# Exercise goal
Please give back each line of the material unchanged, but without the images.

# Given information
- Opening Delimiter -

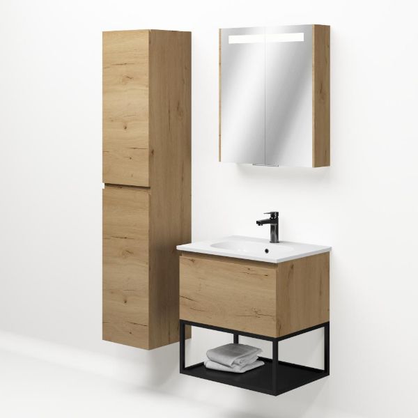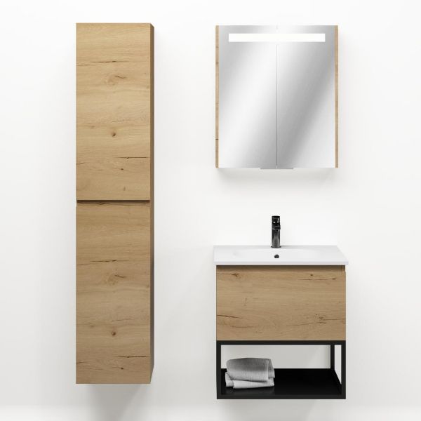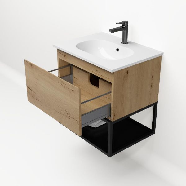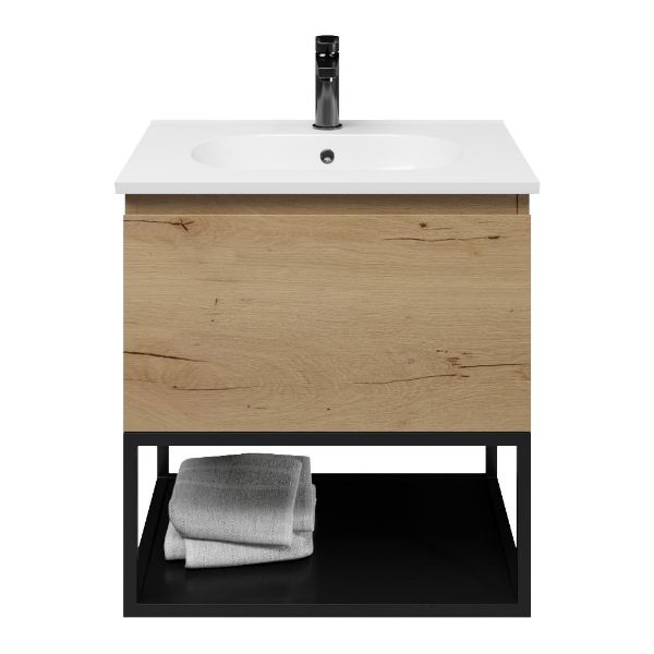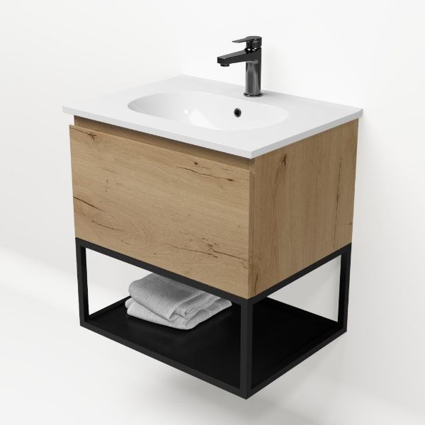 | | Bellanti Solo/Tela/Como badmeubel 60x46 1 softclose lade eiken natuur greeploos keramische wastafel wit met 1 kraangat met mat zwart metalen frame |
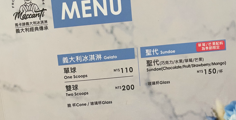 The price is NTD$110 for 1 scoop and NTD$200 for 2 scoops, you can choose to have it served in a chilled glass bowl or cone. If you are buying it for take-out, then it's a paper cup or a cone. The cone is free and they would still give you a chilled glass bowl to stick the cone in to prevent a melty mess. It's not exactly cheap but I found it to be worth the price on the occasional cheat day and meeting friends for a chat. They also have other drinks, food, and dessert on their menu, including souflé pancakes with boba. I saw someone order boba milk tea, too. But I came for the gelato so I didn't pay much attention to the other stuff.
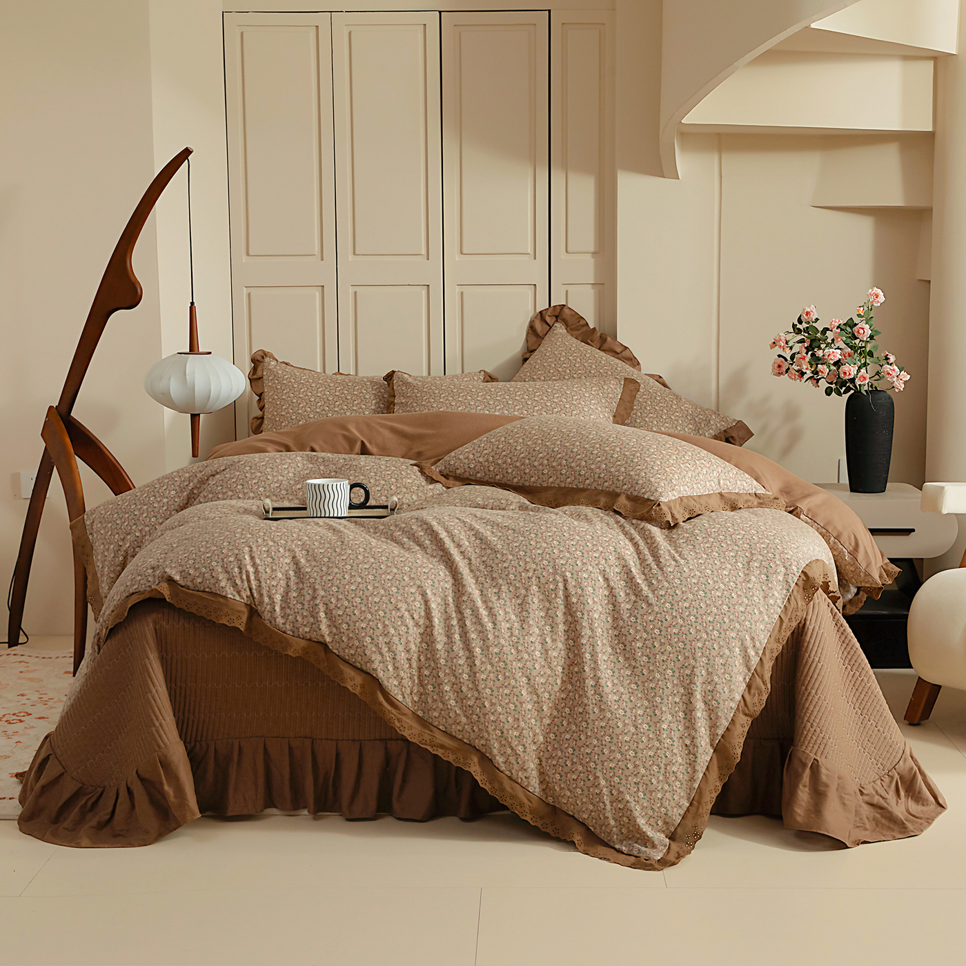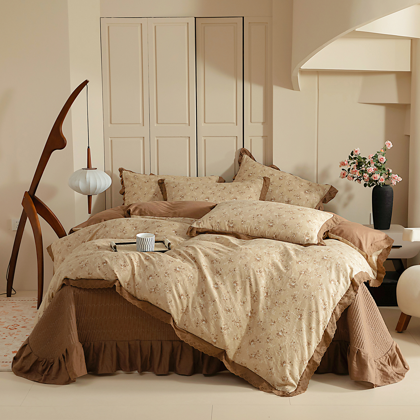 (总)情煊家纺 2026新款全棉双层纱单品床盖,焦糖,奶油黄,深咖,仙霞,胭脂红
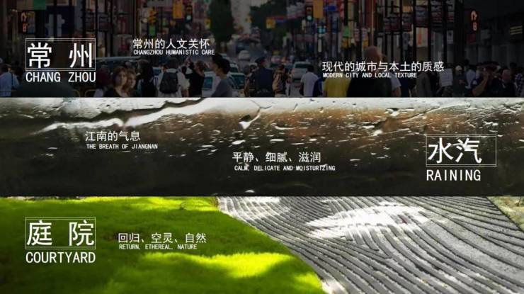 设计概念源自常州这个城市本身的记忆与印象,将水汽、景庭、绿野的元素融入江南特有的生活图景,沿寻常州城市肌理,讲述常州故事。

- Closing Delimiter -

# Exercise output
 | | Bellanti Solo/Tela/Como badmeubel 60x46 1 softclose lade eiken natuur greeploos keramische wastafel wit met 1 kraangat met mat zwart metalen frame |
 The price is NTD$110 for 1 scoop and NTD$200 for 2 scoops, you can choose to have it served in a chilled glass bowl or cone. If you are buying it for take-out, then it's a paper cup or a cone. The cone is free and they would still give you a chilled glass bowl to stick the cone in to prevent a melty mess. It's not exactly cheap but I found it to be worth the price on the occasional cheat day and meeting friends for a chat. They also have other drinks, food, and dessert on their menu, including souflé pancakes with boba. I saw someone order boba milk tea, too. But I came for the gelato so I didn't pay much attention to the other stuff.
 (总)情煊家纺 2026新款全棉双层纱单品床盖,焦糖,奶油黄,深咖,仙霞,胭脂红
 设计概念源自常州这个城市本身的记忆与印象,将水汽、景庭、绿野的元素融入江南特有的生活图景,沿寻常州城市肌理,讲述常州故事。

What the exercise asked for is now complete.